Roughly 4:30 in the afternoon of a Wednesday afternoon and nary a sign of Richard.
As I sipped my first beer, I asked the bartender, new to me, “where’s that elderly man who is usually at the bar?” He paused for a second and then responded, “Gee, I dunno. He’s late. But he was here for a long, long time on Monday and Tuesday. Maybe he’s staying home to rest.”
Long silence, then we both broke out in uproarious laughter and I ordered my second beer.
How to explain Victory sans Ruch? Well, you know how it is when you walk into a bar which has (finally!) decided to ban smoking? How clean and fresh and new the place seems?
It was like that.
I left a happy man, not to mention one who felt he’d been a part of history….
Wait. No.
The above is how I pictured my posting about today’s adventure in my mind as I sat happily at the bar.
I shoulda just gotten up and run away as quickly as I could.
Suddenly I felt a dark cloud sweep across my shoulder and there he was. Our Richard, all haircutted and clipped and shaven so he looked like a pal of Beaver’s dad back in the old TV show, with some silly story about his battery being dead and it was all his wife’s fault. Something like that.
Story ruined.

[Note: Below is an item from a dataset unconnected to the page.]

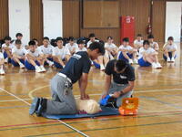 放課後、真岡消防署益子分署から6名の職員の方にご協力をいただき、教職員と2年生で、救命救急法の研修を行いました。

Afternoon turned into the same old, same old.
It wasn’t a total loss as it turned out. Steve German, who apparently is still employed by Victory, appeared not long after and bought us both a beer (another Braumeister for me) and Richard told me lots of things about Earth, Bread & Brewery that I did not know.
But still…
I spent a lot of time on the telephone with brewers from around the country last week, talking about several topics for stories to be written as fast as I could turn them out and just for my own research purposes, and one of the more interesting interviews was with Jeff Winn who, with partner Chris Swedin, began selling beer from the new Yakima Craft Brewing Company in early June.
The coolness factor is three-fold. For one thing, they’ve returned brewing to a town which absolutely needs must have a brewery in the Grand Scheme of Things (heart of the Yakima Valley, center of US hops-growing, the town where Bert Grant founded the first modern day American brewpub, all that good stuff).
Second, they are working with a 3.5bbl brewhouse and are a production brewery, not a brewpub. That’s gotta earn them the title of the smallest production brewery in the nation (probably the world), I’d think.
But coolest of all: that 3.5bbl brewhouse is Bert Grant’s original one from 1982. Winn and Swedin also are using an all-copper kettle that Grant had made especially for him, the old dairy tanks and other original equipment.
Says Winn, a seven-year homebrewer from Portland who was looking to move on from his 20-year career in the high-tech industry last year:
“My wife’s family lives in Yakima and when I realized there was no brewery here, I thought what most people would think, ‘how can a place like Yakima be without a brewery?’ So we just went went with the idea, moved up here. I hooked up with Chris, who had brewed for Bert back in the golden years, because he wanted to brew again. He was instrumental in our getting the old equipment at auction.”
During the week, I also talked with a Mayor-Brewer not name John Hickenlooper and another brewer in Texas who was called before City Council to pop a beer from an East Coast brewery and tell them all about it.
But those are stories for another day.